The cell below is just a quick test to confirm that the setup is working. If the file is copied without issues, we are all set.

In [None]:
!s5cmd --endpoint-url https://storage.googleapis.com cp s3://public-datasets-idc/eae91afc-1977-4728-9d6a-06f782c696d4.dcm .

Content of the manifest that can be used with `s5cmd` is a bit different. The cell below demonstrates how to create it.

In [19]:
# create s5cmd manifest file for the subsequent download of files
import os
try:
  os.mkdir("s5cmd_downloaded_files")
except FileExistsError:
  pass
("cp "+selection_df["gcs_url"].replace(to_replace="gs://",value="s3://", regex=True)+" s5cmd_downloaded_files").to_csv("s5cmd_manifest.txt", header=False, index=False)
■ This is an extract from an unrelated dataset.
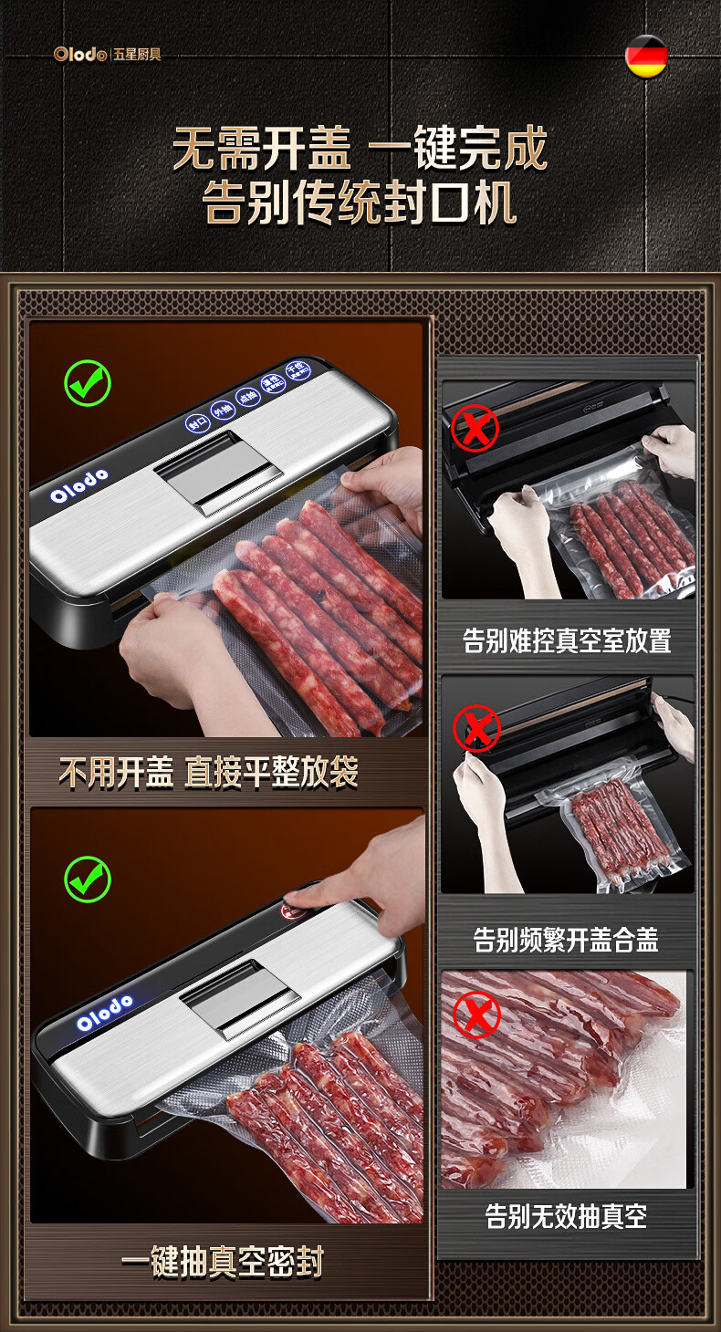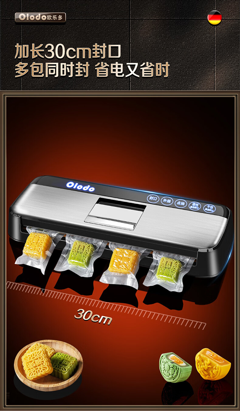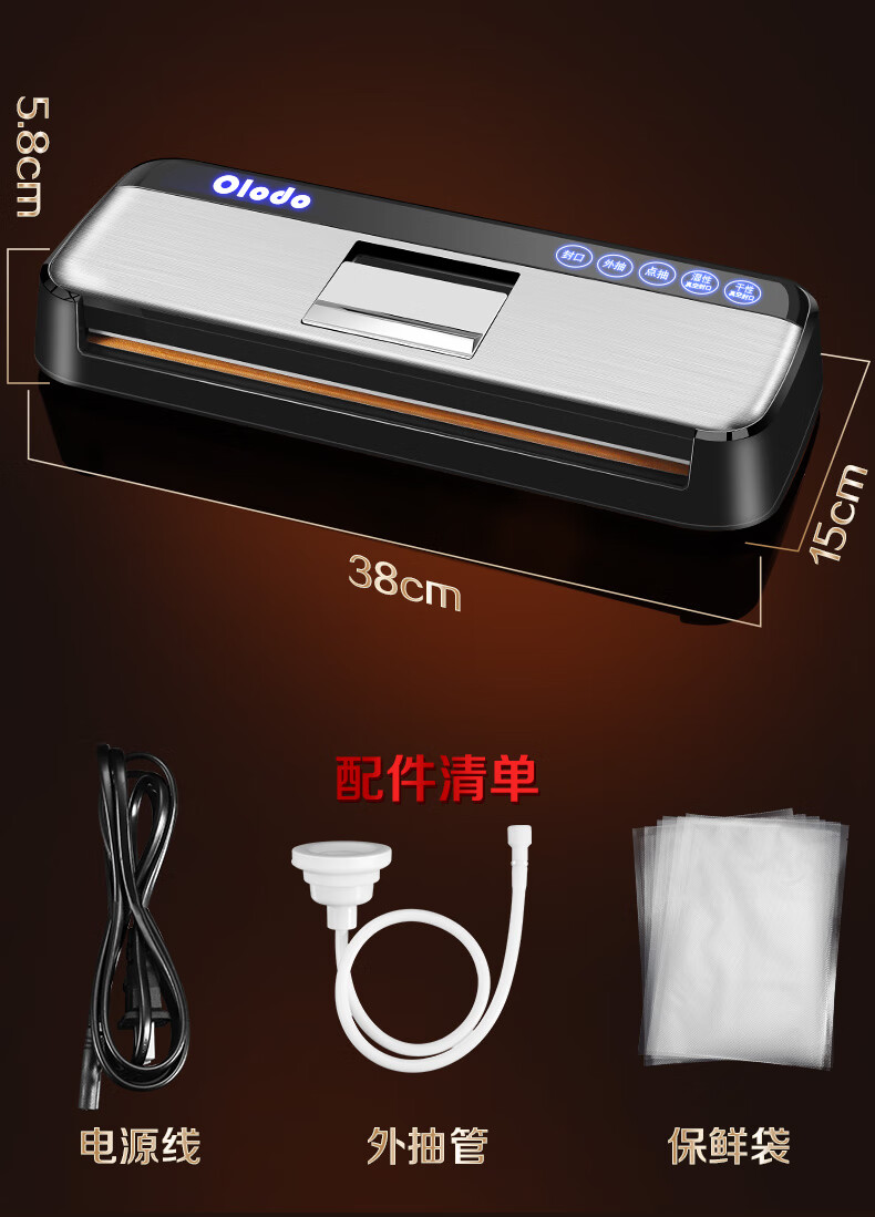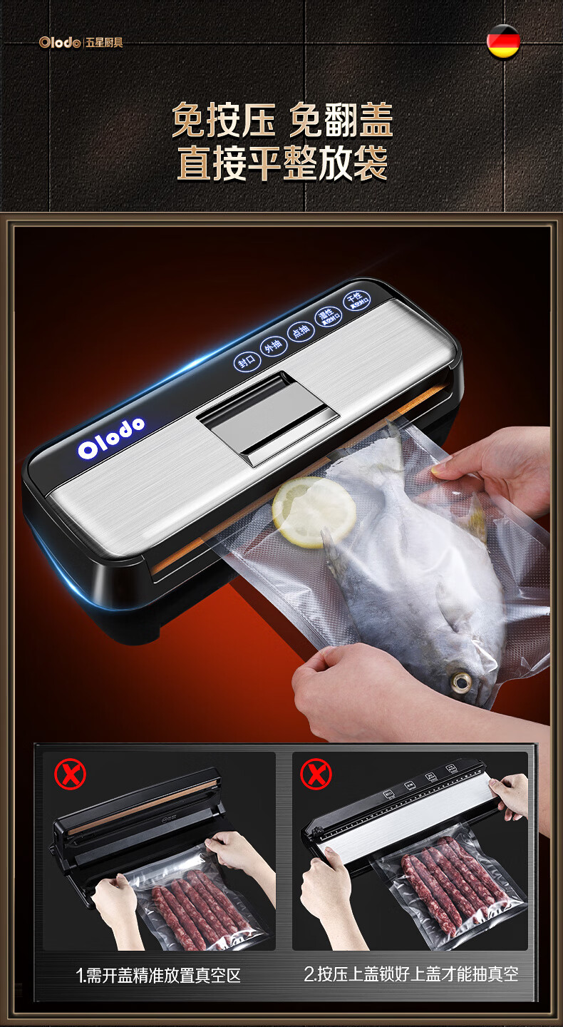 Olodo Germany vacuum sealing machine fully automatic packaging machine household double-pump vacuum machine powerful plastic sealing machine packaging machine 15*20cm (50 pieces)

Once manifest is ready, use the following command to download the files.

In [20]:
%%capture
!s5cmd --endpoint-url https://storage.googleapis.com run s5cmd_manifest.txt

# Sorting

In [21]:
%%capture
!pip install pydicom
!git clone https://github.com/pieper/dicomsort
!sudo apt-get install dcmtk

In [22]:
import os
os.environ["SORTED_DEST"] = "/content/IDC_sorted"

!mkdir -p $SORTED_DEST
!rm -rf $SORTED_DEST/*
!python dicomsort/dicomsort.py -k -u $DOWNLOAD_DEST ${SORTED_DEST}/%StudyInstanceUID/%SeriesInstanceUID/%SOPInstanceUID.dcm

100% 188/188 [00:40<00:00,  4.62it/s]
Files sorted


# Misc

## Mount Google Drive

Since everything you save in your Colab instance will disappear after restart, you may want to use some persistent location, such as Google Drive, for saving your artifacts.

In [23]:
from google.colab import drive

drive.mount('/content/gdrive')

Drive already mounted at /content/gdrive; to attempt to forcibly remount, call drive.mount("/content/gdrive", force_remount=True).